I walked into the yard. Some inmates were queuing up for the toilet and washroom at the far wall on the right. Showers were the manual sort: two drums of water stood in the corner and a plastic bowl floated on top. You dipped the bowl into what was once an oil barrel, threw the water over your head and let it roll over your body. There were a good few in the queue, wearing shorts and flip-flops, carrying towels, T-shirts and whatever else to dry themselves with. I didn’t bother with the wait. I just walked over to a rusty tap sticking out of the wall, turned it on and splashed water on my face. There was no sign of a mirror so I had no idea what I looked like. I could feel the bristles on my face, though; I hadn’t shaved for a couple of days.
I saw Eddy in the yard, drying his hair with a T-shirt. ‘Sleep well?’ he smiled.
‘Like a baby, yeah,’ I laughed.
‘Don’t worry, you get used to the floor.’ It felt great again to have a native English speaker to talk to, and Eddy seemed like a good guy.

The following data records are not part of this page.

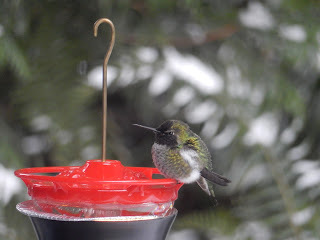 I'm not sure how something as small as a hummingbird gets by when it's below freezing outdoors. It's clear that fluffing out their feathers must do something -- their own little 'puffy coats' I guess.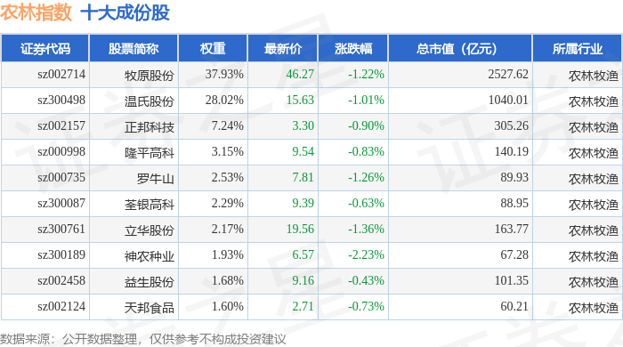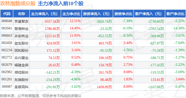 资金流向方面,农林指数(399231)成份股当日主力资金净流出合计3.1亿元,游资资金净流入合计2985.29万元,散户资金净流入合计2.8亿元。成份股资金流向详情见下表:
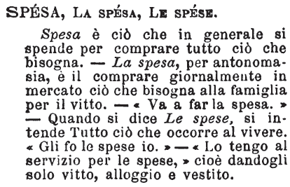 | Spesa, La spesa, Le spese - Spesa è ciò che in generale si spende per comprare tutto ciò che bisogna. - La spesa, per antonomasia, è il comprare giornalmente in mercato ciò che bisogna alla famiglia per il vitto. - «Va a far la spesa.» - Quando si dice Le spese, si intende Tutto ciò che occorre al vivere. «Gli fo le spese io.» - «Lo tengo al servizio per le spese,» cioè dandogli solo vitto, alloggio e vestito. [immagine] |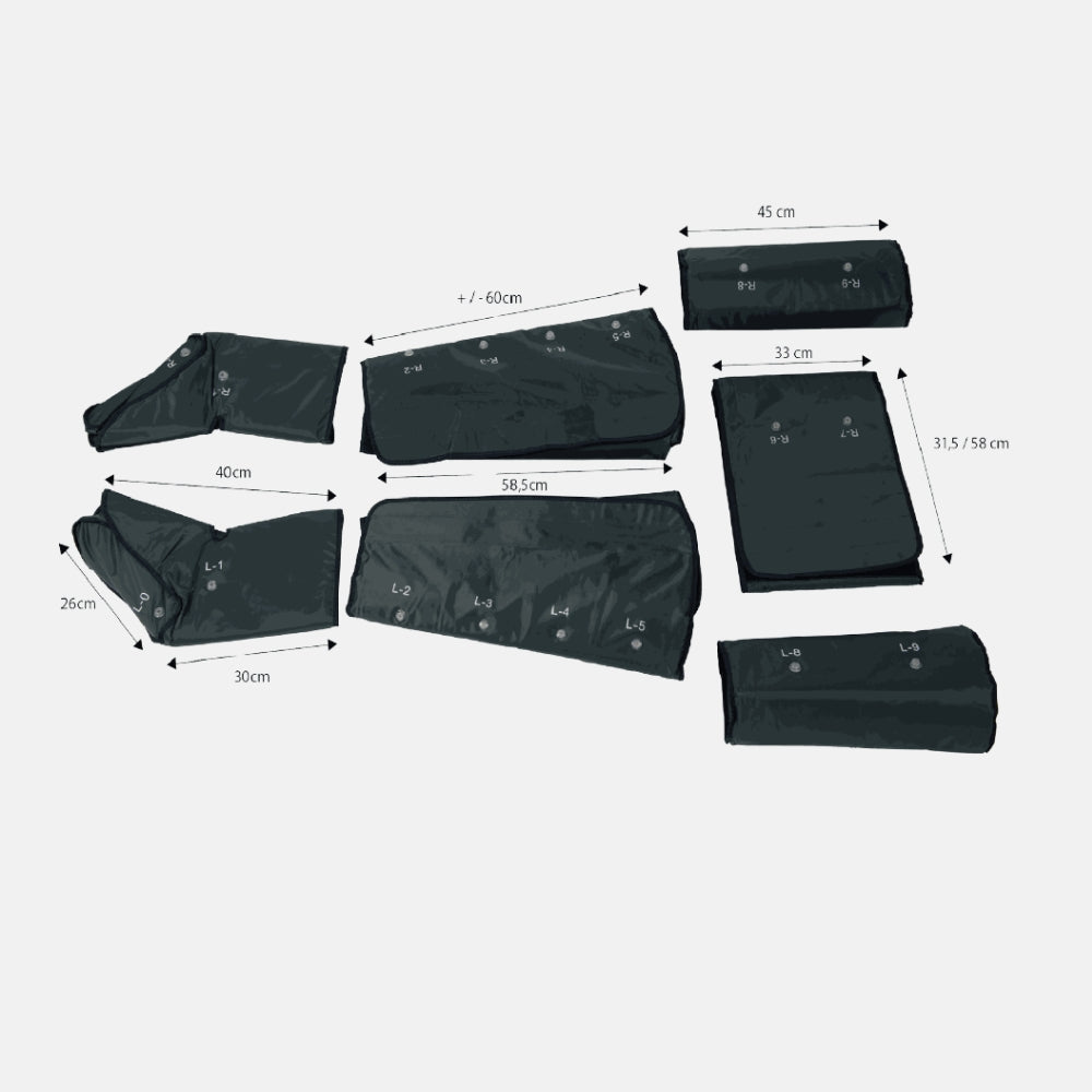 Incluye botas, perneras, faja abdominal y mangas para brazos. Además, cuenta con una práctica manta de almacenaje para cables, facilitando su uso y organización.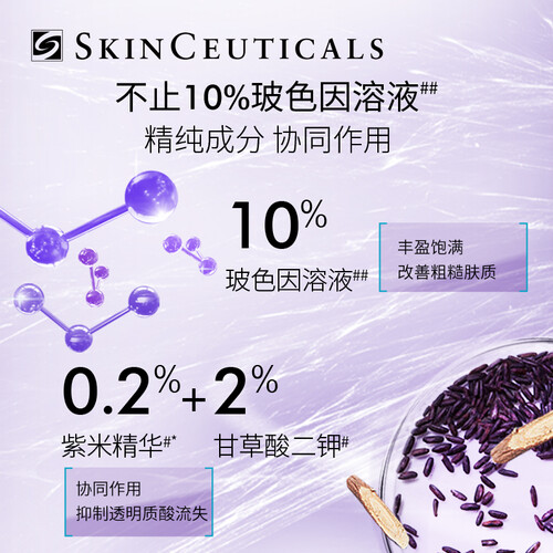 紫米精华的美肤成分,通过减缓透明质酸的流失来维持肌肤润泽。丰盈补水,令肌肤呈现亮泽细腻的好状态。

Soon after, there was a scramble for the wing door. I followed Silvio, Eddy and Ricardo out into the passageway. The blood splatters on the wall and the pool of blood from the night before were gone. In their place was the smell of disinfectant. We passed by the Number 7 wing door on the left. Arms hung out, dirty hands holding cups, rattling against bars. They were like monkeys in a zoo. For security reasons only one wing went to the rancho at a time. Just as well.
‘If we all went at the same time there’d be war,’ said Eddy. ‘A bloodbath.’
I kept my distance, standing well clear of their cell door. Two prison cops sat slumped in chairs, cigarettes dangling from their lips. A couple of the luceros from Maxima stood in the corridor, knife handles sticking out of their waistbands. They were our real protection, I could see, our hired muscle paid for with the causa money.
In the rancho, breakfast was being dished out by the kitchen workers – prisoners from other wings. I stood in the queue. An
arepa
, like a small pancake made from cornflour, was plonked onto one of the plastic trays and handed to me. Another worker was pouring coffee into cups he was placing on a tin counter, and I picked one up. Silvio and Ricardo and most of the others had their own cups and plates. They headed back to the wing with their food. I stood by a stone bench and peeped inside one of the arepas. It was filled with sardines, or at least I presumed that’s what it was – flat slivers of grey flesh that smelled of fish. It looked awful, but I was starving. I gobbled it down with gulps of milky, sweet coffee.
* * *
In the yard, I could see others weren’t bothered with the rancho. One prisoner was eating fried eggs.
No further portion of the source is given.